***** DATASET RECORDS *****

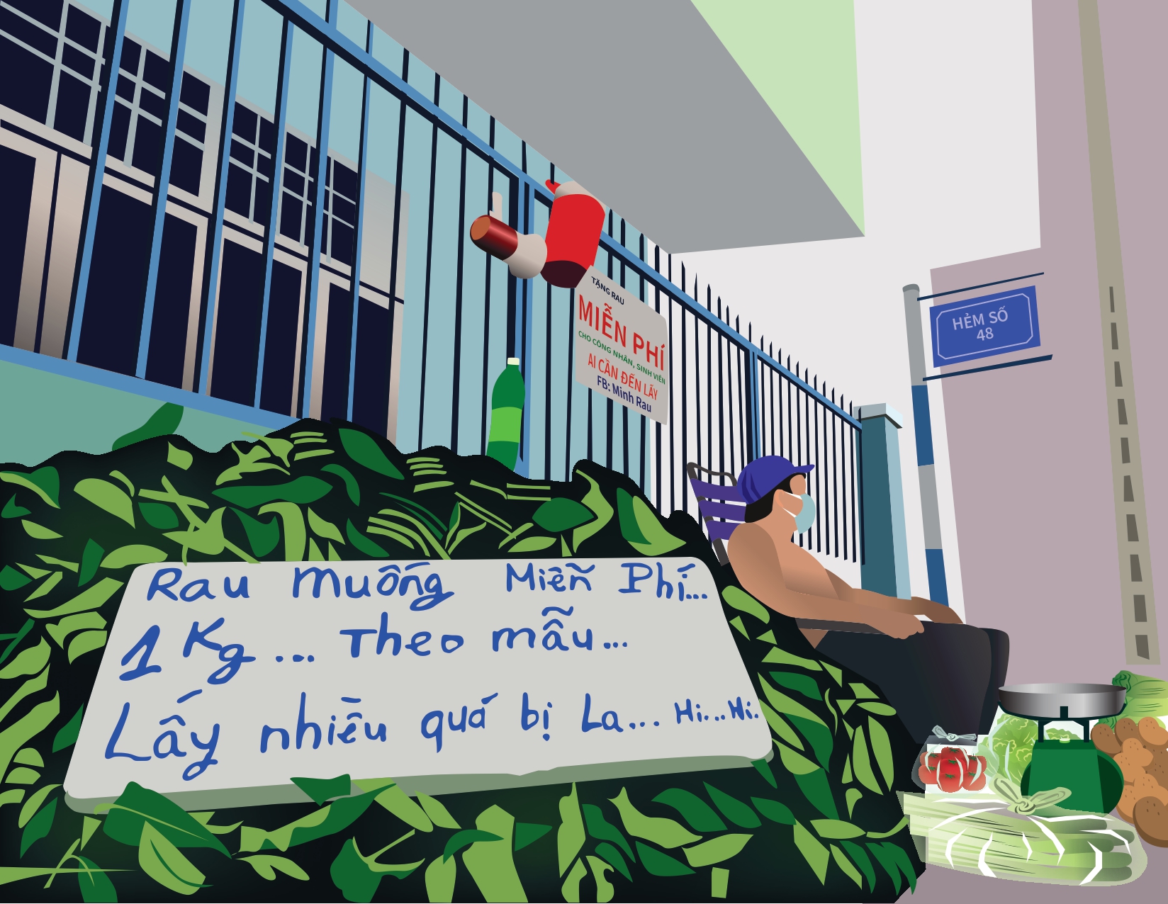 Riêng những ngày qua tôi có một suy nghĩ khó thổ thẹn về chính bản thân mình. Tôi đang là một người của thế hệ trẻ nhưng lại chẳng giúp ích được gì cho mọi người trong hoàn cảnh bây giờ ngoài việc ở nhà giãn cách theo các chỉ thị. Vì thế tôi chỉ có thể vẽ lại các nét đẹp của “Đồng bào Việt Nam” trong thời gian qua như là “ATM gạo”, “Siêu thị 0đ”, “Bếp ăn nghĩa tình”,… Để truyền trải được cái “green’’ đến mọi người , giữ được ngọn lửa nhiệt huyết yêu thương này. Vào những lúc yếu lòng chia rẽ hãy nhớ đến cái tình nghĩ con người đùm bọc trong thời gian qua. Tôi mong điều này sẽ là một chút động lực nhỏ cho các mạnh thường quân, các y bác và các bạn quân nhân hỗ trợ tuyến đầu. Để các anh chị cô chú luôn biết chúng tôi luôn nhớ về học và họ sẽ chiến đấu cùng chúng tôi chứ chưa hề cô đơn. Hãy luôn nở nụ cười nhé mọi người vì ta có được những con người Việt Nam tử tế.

*****
***** DATASET RECORDS *****

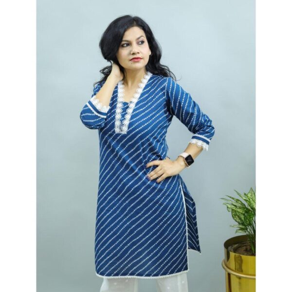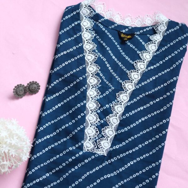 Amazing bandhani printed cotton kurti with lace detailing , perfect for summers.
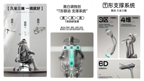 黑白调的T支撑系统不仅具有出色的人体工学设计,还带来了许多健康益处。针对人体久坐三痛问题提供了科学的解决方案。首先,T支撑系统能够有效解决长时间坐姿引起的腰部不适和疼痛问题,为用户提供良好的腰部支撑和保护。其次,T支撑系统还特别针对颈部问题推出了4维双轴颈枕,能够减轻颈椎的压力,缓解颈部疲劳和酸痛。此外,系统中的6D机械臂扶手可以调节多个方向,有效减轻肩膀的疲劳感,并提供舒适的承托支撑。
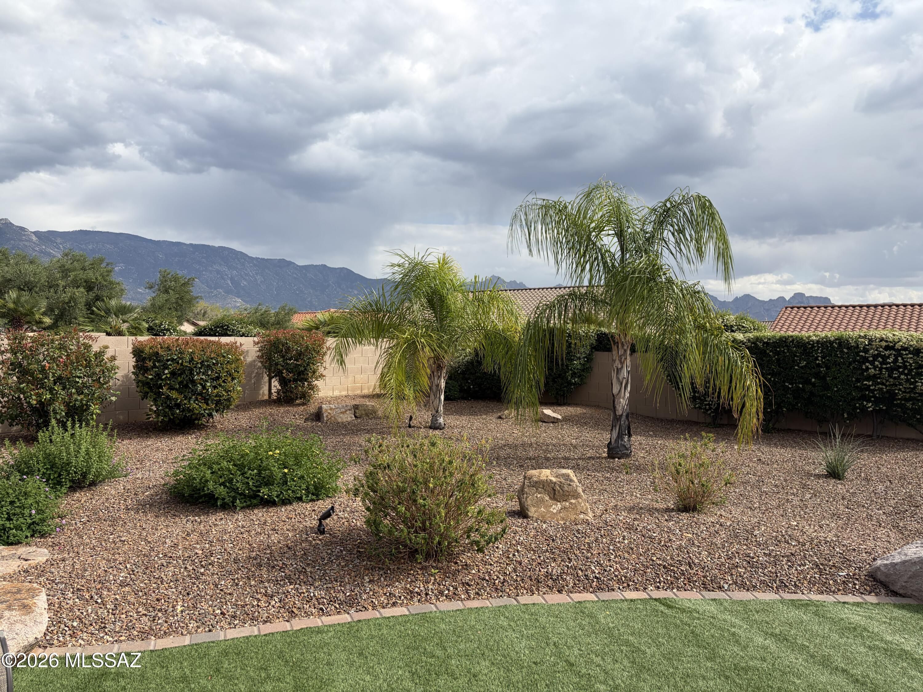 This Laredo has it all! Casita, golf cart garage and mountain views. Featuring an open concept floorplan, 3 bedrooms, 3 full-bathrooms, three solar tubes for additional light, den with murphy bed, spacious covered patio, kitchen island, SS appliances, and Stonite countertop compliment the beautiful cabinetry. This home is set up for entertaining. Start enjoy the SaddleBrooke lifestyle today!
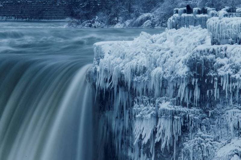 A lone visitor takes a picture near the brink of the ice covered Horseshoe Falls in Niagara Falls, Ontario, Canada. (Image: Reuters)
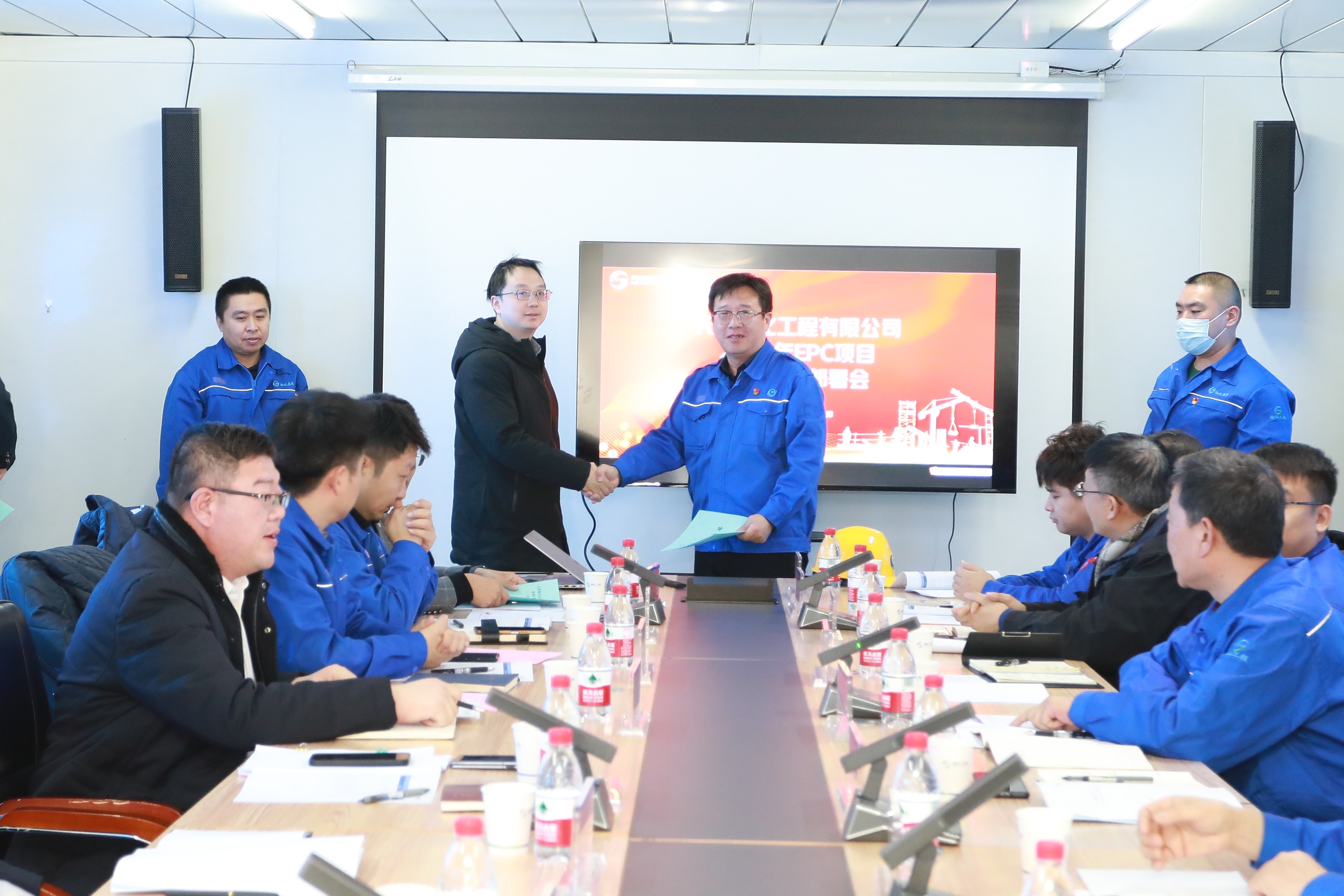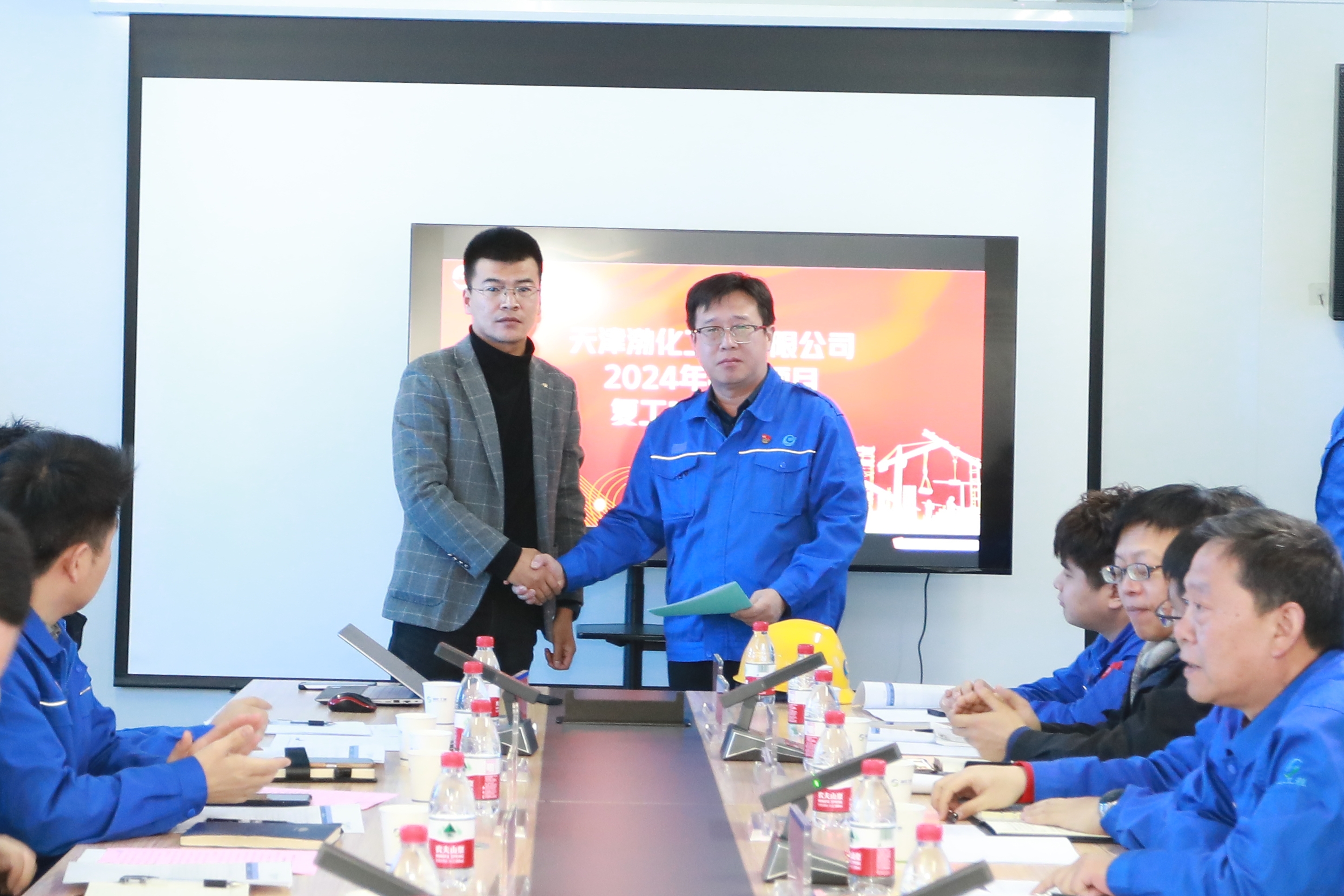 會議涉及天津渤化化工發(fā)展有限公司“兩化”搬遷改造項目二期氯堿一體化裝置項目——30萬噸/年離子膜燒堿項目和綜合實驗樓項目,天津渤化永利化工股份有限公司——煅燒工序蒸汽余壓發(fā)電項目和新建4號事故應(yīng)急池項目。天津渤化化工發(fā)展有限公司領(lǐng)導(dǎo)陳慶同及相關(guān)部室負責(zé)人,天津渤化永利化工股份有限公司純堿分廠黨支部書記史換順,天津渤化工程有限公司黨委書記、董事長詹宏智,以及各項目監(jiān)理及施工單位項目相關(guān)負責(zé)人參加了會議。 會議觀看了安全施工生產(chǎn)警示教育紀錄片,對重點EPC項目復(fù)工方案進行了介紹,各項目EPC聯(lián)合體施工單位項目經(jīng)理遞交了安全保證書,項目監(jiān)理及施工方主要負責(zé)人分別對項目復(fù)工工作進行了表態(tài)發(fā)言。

*****

Copy word for word the lines above, starting at the line containing "Amazing bandhani printed" and ending at the line containing "A lone visitor", inclusive, with no pictures.

 Amazing bandhani printed cotton kurti with lace detailing , perfect for summers.
 黑白调的T支撑系统不仅具有出色的人体工学设计,还带来了许多健康益处。针对人体久坐三痛问题提供了科学的解决方案。首先,T支撑系统能够有效解决长时间坐姿引起的腰部不适和疼痛问题,为用户提供良好的腰部支撑和保护。其次,T支撑系统还特别针对颈部问题推出了4维双轴颈枕,能够减轻颈椎的压力,缓解颈部疲劳和酸痛。此外,系统中的6D机械臂扶手可以调节多个方向,有效减轻肩膀的疲劳感,并提供舒适的承托支撑。
 This Laredo has it all! Casita, golf cart garage and mountain views. Featuring an open concept floorplan, 3 bedrooms, 3 full-bathrooms, three solar tubes for additional light, den with murphy bed, spacious covered patio, kitchen island, SS appliances, and Stonite countertop compliment the beautiful cabinetry. This home is set up for entertaining. Start enjoy the SaddleBrooke lifestyle today!
 A lone visitor takes a picture near the brink of the ice covered Horseshoe Falls in Niagara Falls, Ontario, Canada. (Image: Reuters)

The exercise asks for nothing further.